CELERY_BROKER_URL=sqs://@
CELERY_BACKEND_URL=dynamodb://@eu-central-1/lambda-runner-tasks?read=5&write=5
CELERY_TASK_DEFAULT_QUEUE=lambda-runner-queue
CELERY_BROKER_SQS_QUEUE_URL=https://sqs.eu-central-1.amazonaws.com/000000000000/lambda-runner-queue
CELERY_BROKER_SQS_REGION=eu-central-1

class Celeryconfig:
    broker_connection_retry_on_startup: bool = True
    task_create_missing_queues: bool = True
    worker_enable_remote_control: bool = False
    worker_send_task_events: bool = False

    def __init__(self):
        self.task_default_queue = CELERY_TASK_DEFAULT_QUEUE

        self.broker_url = CELERY_BROKER_URL
        self.result_backend = CELERY_BACKEND_URL

        if self.broker_url.startswith("sqs"):
            self.broker_transport_options = {
                "predefined_queues": {
                    f"{CELERY_TASK_DEFAULT_QUEUE}": {
                        "url": CELERY_BROKER_SQS_QUEUE_URL,
                    },
                },
                "region": CELERY_BROKER_SQS_REGION,
                "visibility_timeout": 3600,  # 1 hour
                "polling_interval": 10,
                "dead_letter_queue": (
                    f"{CELERY_TASK_DEFAULT_QUEUE}-dlq",
                ),
            }

# Configure Celery
app = Celery("task_client")
app.config_from_object(Celeryconfig())


@app.task
def add(x: int, y: int) -> int:
    """Simple function to add two numbers.

    Args:
        x (_type_): _description_
        y (_type_): _description_

    Returns:
        _type_: _description_
    """
    ...


def check_task_status(task: Any) -> None:
    """Check task status

    Args:
        task_id (str): Task ID
    """

    print(f"Checking Task ID: {task.id}")
    counter:int = 0


    while not task.ready():
        print(f" . Task {task.id} not ready yet: {task.state}")
        sleep(1)
        counter += 1
        if counter > 10:
            print(f"Task {task.id} taking too long. Cancelling")
            task.revoke(terminate=True)
            return

    print(f"Task {task.id} finished. Result: {task.get()}")



def celery() -> None:
    """Generate celery test

    Returns:
        str: _description_
    """

    print("Starting celery client")

    # Print backend configuration
    app = current_app._get_current_object()
    print("-" * 40)

    print(f"Broker URL: {app.conf.broker_url}")
    print(f"Result Backend URL: {app.conf.result_backend}")
    print(
        f"Result Backend Transport Options: "
        f"{app.conf.result_backend_transport_options}"
    )
    print(f"Broker Transport Options: {app.conf.broker_transport_options}")
    print(f"Task Default Queue: {app.conf.task_default_queue}")
    print(
        f"Broker Connection Retry On Startup: "
        f"{app.conf.broker_connection_retry_on_startup}"
    )
    print(f"Task Create Missing Queues: {app.conf.task_create_missing_queues}")

    print("-" * 40)

    print("add")
    result = add.apply_async((10, 3)) #, countdown=10)
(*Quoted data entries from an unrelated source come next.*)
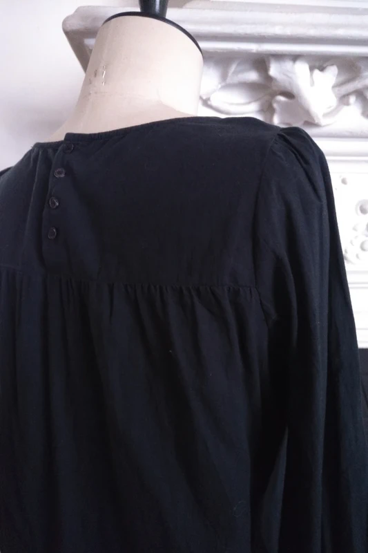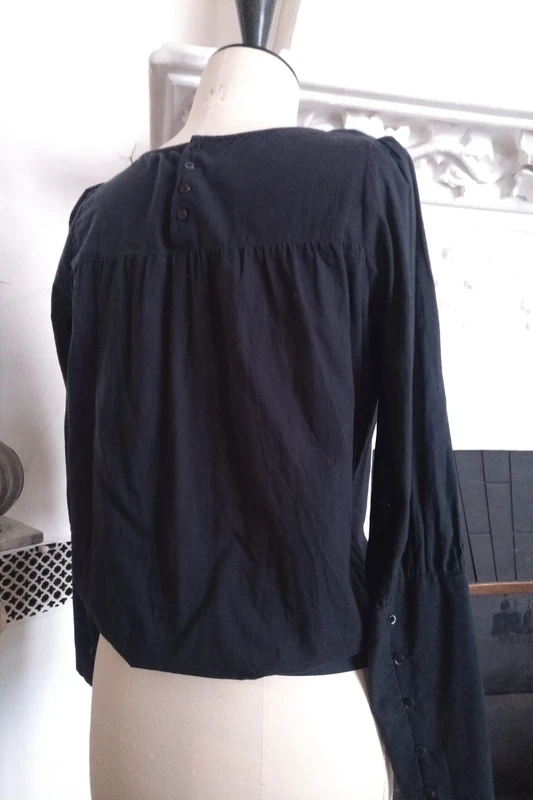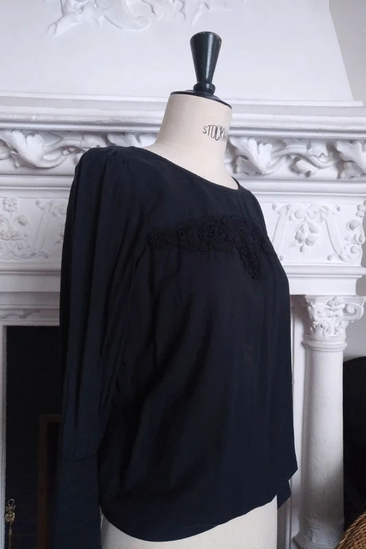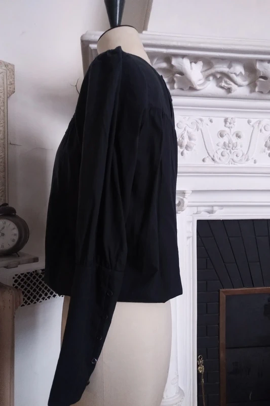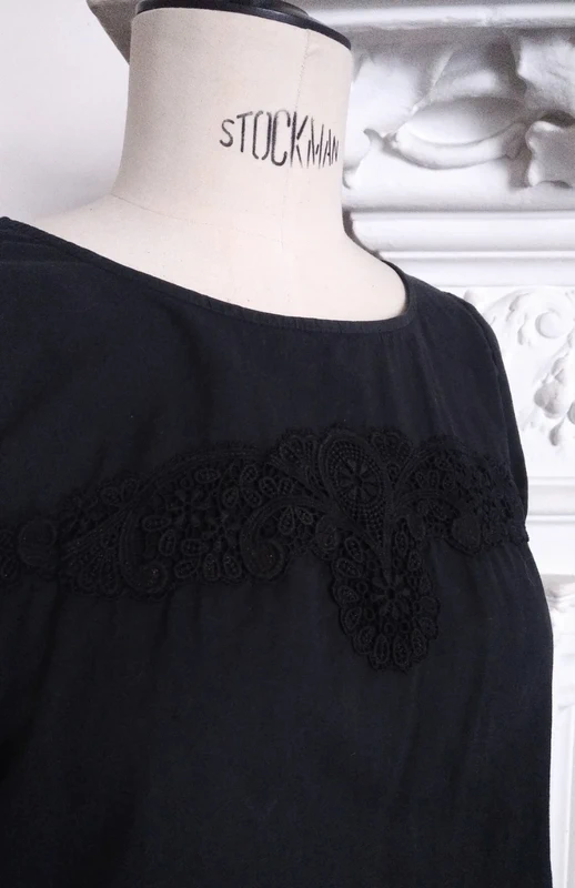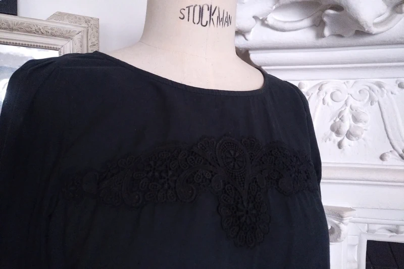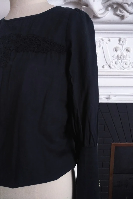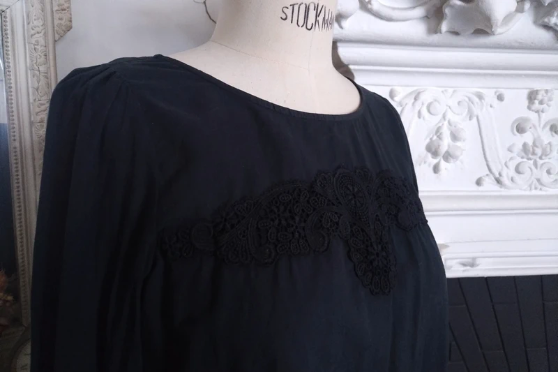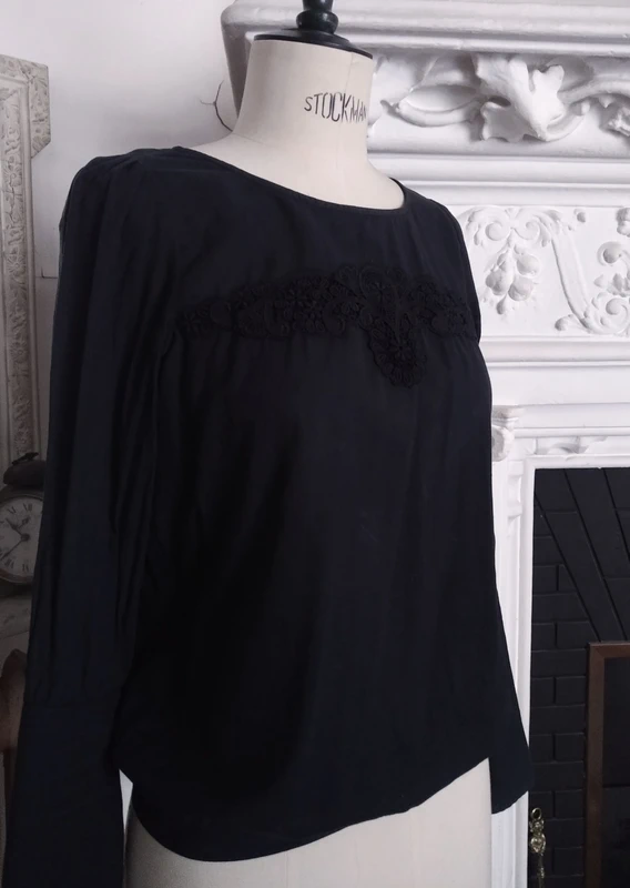 Blouse noire en coton, inspiration Victorienne / Edwardienne avec application en dentelle.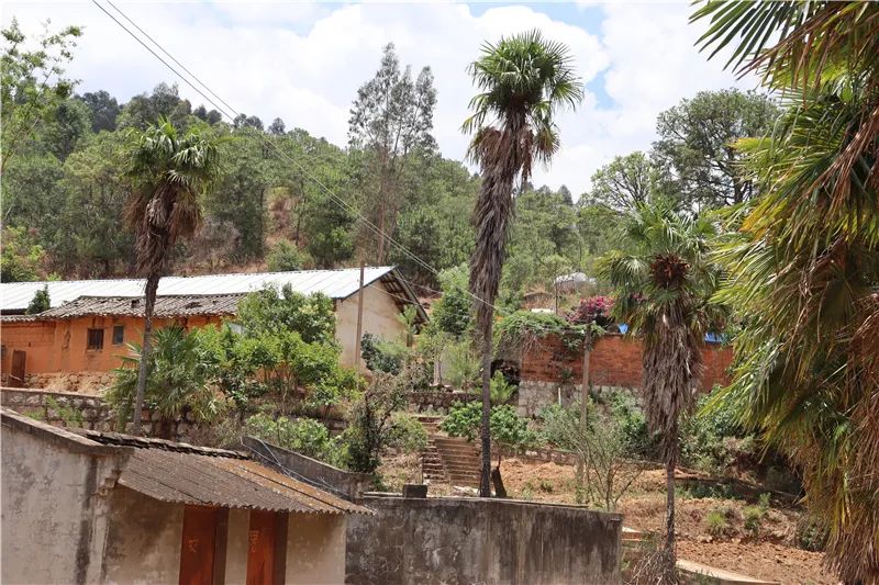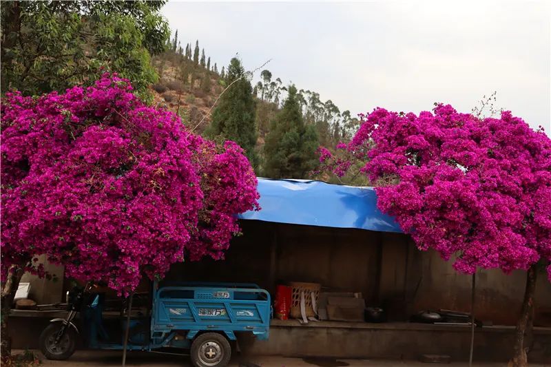 车沿着蜿蜒曲折的山路攀爬而上,人字形的路,一条通往四面房屋围在一起的“口”字形小院子;一条通往有着蓝色铁门的小平房,百香果的藤蔓攀爬在水泥墙上,抬头望去,率先看到的是园中一棵开得热烈的紫红色三角梅。
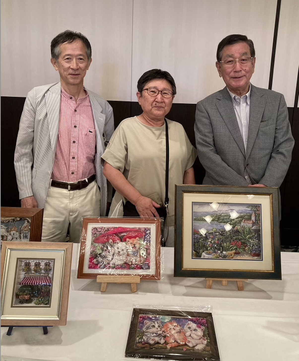 懇親会の会場には会員の能登よりえさん制作のシャドーボックスの作品が展示され、会場に華やかな雰囲気をもたらしてくれました。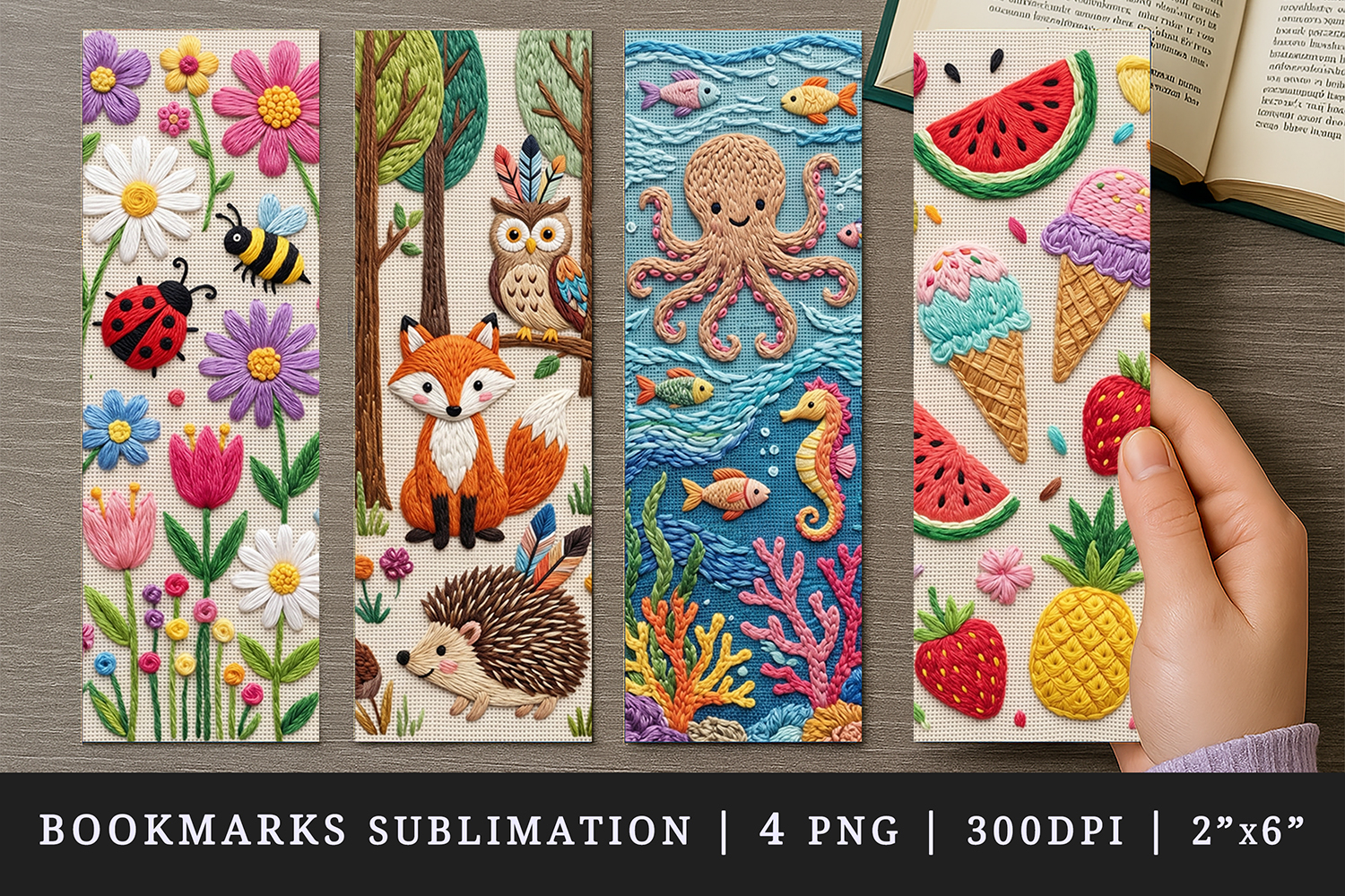 Bookmark Printable Sublimation Design Cute Template Illustration Graduation Gift For Book Lover Read Bookmarks Print Embroidery Embroidered Fox Octopus Flowers Needlework Floral Owl Art Needlepoint Hand Hedgehog Seahorse Fruit Woodland Fish Ice Bee Forest Sea Cream Ladybug Life Cone Daisies Ocean Watermelon Tulips Hoop Underwater Strawberry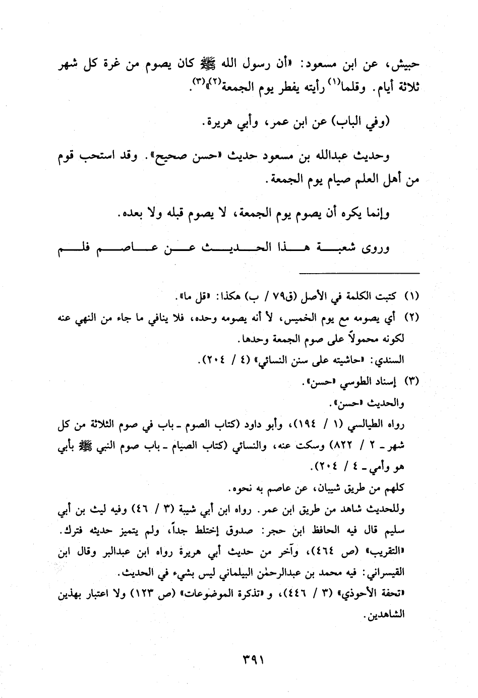 وَحَدِيثُ عَبْدِ اللَّهِ بْنِ مَسْعُودٍ حَدِيثٌ حَسَنٌ صَحِيحٌ وَقَدِ اسْتَحَبَّ قَوْمٌ مِنْ أَهْلِ الْعِلْمِ صِيَامَ يَوْمَ الْجُمُعَةِ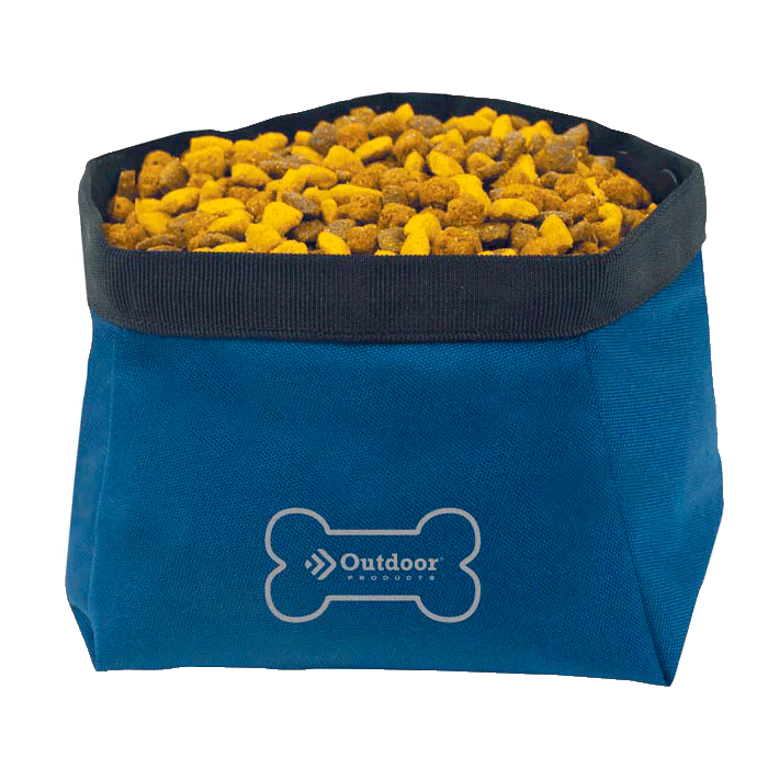 El Tazón plegable para perros se expande a ocho pulgadas y está hecho de tejido recubierto de urathane resistente al agua.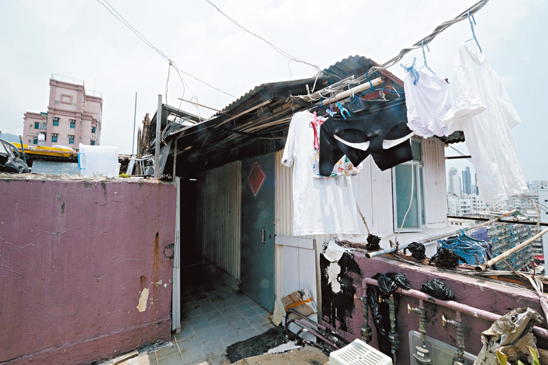 天台屋住戶除了忍耐酷熱,還要面對打風的苦況。林女士與丈夫居於太子一間天台屋多年,丈夫較為年長,體弱多病不便行走,林女士為照顧丈夫難以外出工作,「之前有些許積蓄,但疫情期間用得七七八八,丈夫有生果金,我偶然出去做下散工。」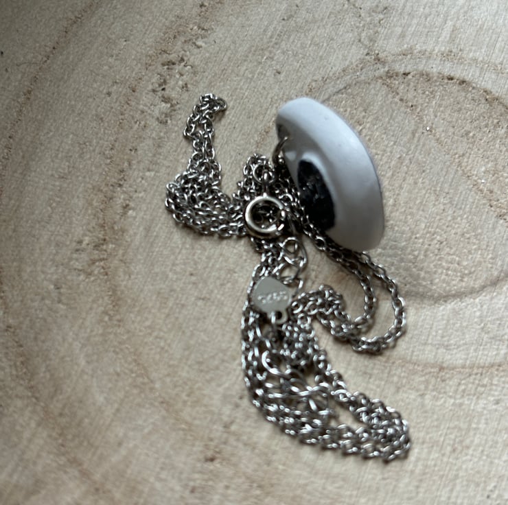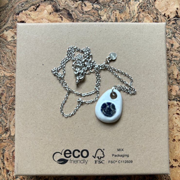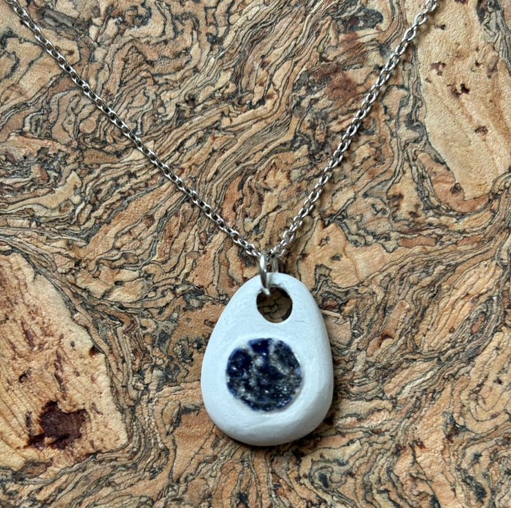 The result is this pendant, full of history, once a broken piece of ceramic lost, found by chance, broken again and reshaped into something unique. Front glaze in tact but has scratches, back sanded around glaze and protected with Eco Friendly sealant.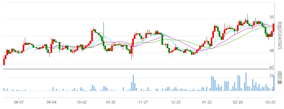 今日(2024年03月27日,周三)中國(guó)繭絲綢交易市場(chǎng)生絲指數(shù)上漲0.31%收于4978.02點(diǎn)。B絲(商檢4A級(jí)生絲):240425合約報(bào)平收于49.59萬(wàn)元;240925合約上漲0.45萬(wàn)元報(bào)收于49.71萬(wàn)元;250325合約上漲0.72萬(wàn)元報(bào)收于50.07萬(wàn)元。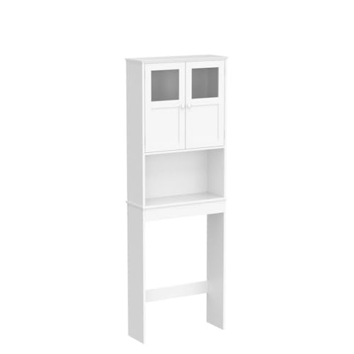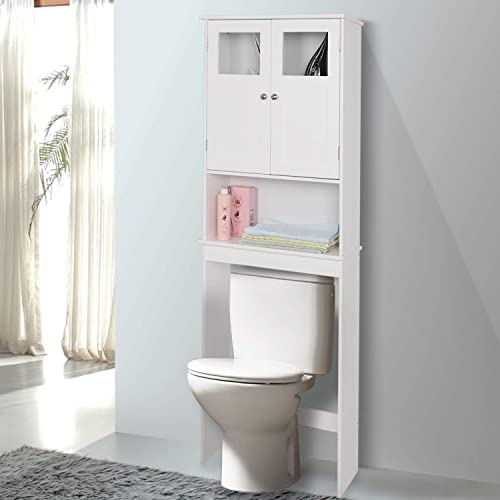 Bonnlo Over The Toilet Storage Cabinet with Adjustable Shelf White Bathroom Floor Organizer Space Saver with Double Doors, 67" Height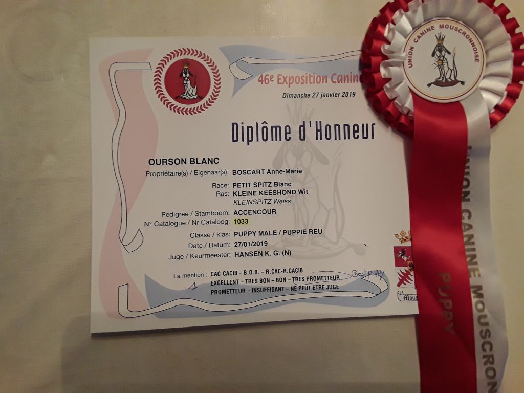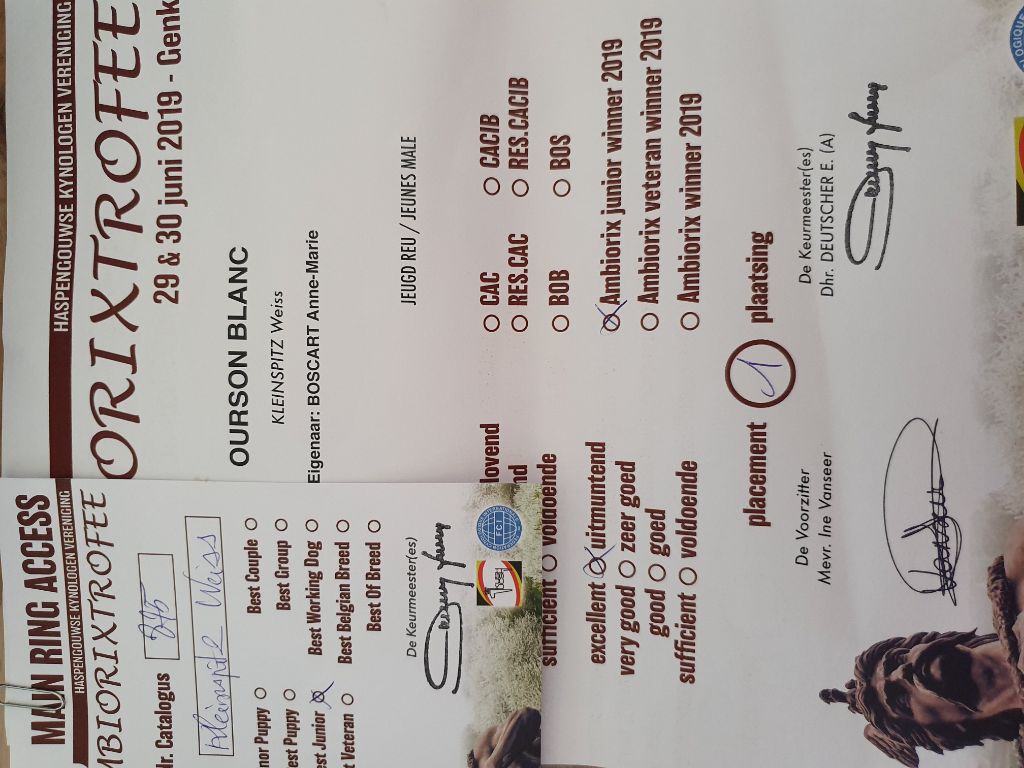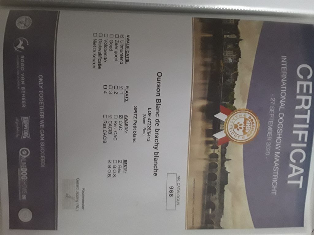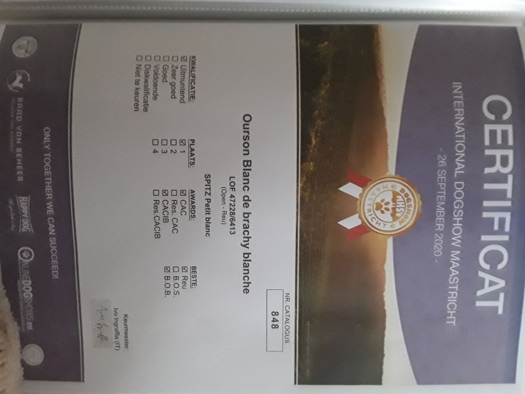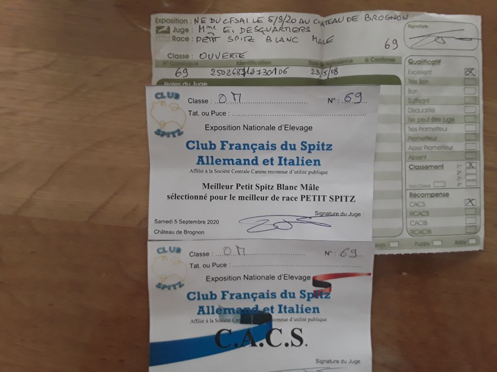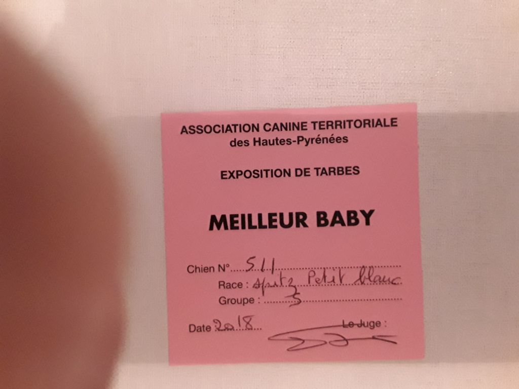 - Premier excellent CACS MEILLEUR DE RACE meilleur petit spitz blanc.devient champ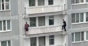 «Молодежь вернула в моду паркур» — так подписали ролик в канале. Хотя трюков на кадрах они не выполняют, смотреть все равно страшно: парни каким-то образом оказались на каждой из выступающих с двух сторон конструкций балкона на пятом этаже — тот, что находился справа, в итоге залез на площадку, а его товарищ зачем-то остался сидеть снаружи. При этом оба как будто высматривали кого-то.
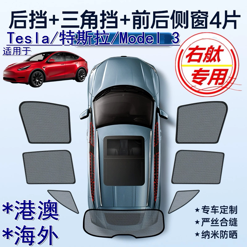 适用香港版 3遮阳帘右舵特斯拉Model3车窗网遮阳挡 Tesla右軚Model

    check_task_status(result)


if __name__ == "__main__":
    celery()

Celery Cloud Configuration

The configuration is done by environment variables (or using and .env file if your project uses python-dotenv).

The main variables are shown in the table below:

Name Description Values Default
LOG_LEVEL Log level for the application DEBUG, INFO, WARNING, ERROR, CRITICAL INFO
LOG_FORMAT Log format See Python logging docs {time:YYYY-MM-DD HH:mm:ss} {level: <8} trace_id={extra[trace_id]} {name}:{function}: {line} - {message}
CELERY_BACKEND_REGION DynamoDB region A string
CELERY_BACKEND_TABLE Backend table name A string
TASKS Task definition JSON string {}

Task definition

The tasks are defined as a json dictionary, where the key is the name of the tasks, as sent by Celery to the broker, and the value is a url defining the task to launch.

{
  "celery_cloud.celery.task.sumar": "lambda://arn:aws:lambda:eu-central-1:670089840758:function:prompt-test",
  "celery_cloud.celery.task.restar": "task://celery_cloud.domain.restar/restar",
  "celery_cloud.celery.task.prompt": "task://celery_cloud.domain.prompt/prompt",
  "celery_cloud.celery.task.lsumar": "lambda://arn:aws:lambda:eu-central-1:670089840758:function:granite-api"
}

Project details


Download files

Download the file for your platform. If you're not sure which to choose, learn more about installing packages.

Source Distribution

celery_cloud-0.1.29.tar.gz (59.9 kB view details)

Uploaded Source

Built Distribution

If you're not sure about the file name format, learn more about wheel file names.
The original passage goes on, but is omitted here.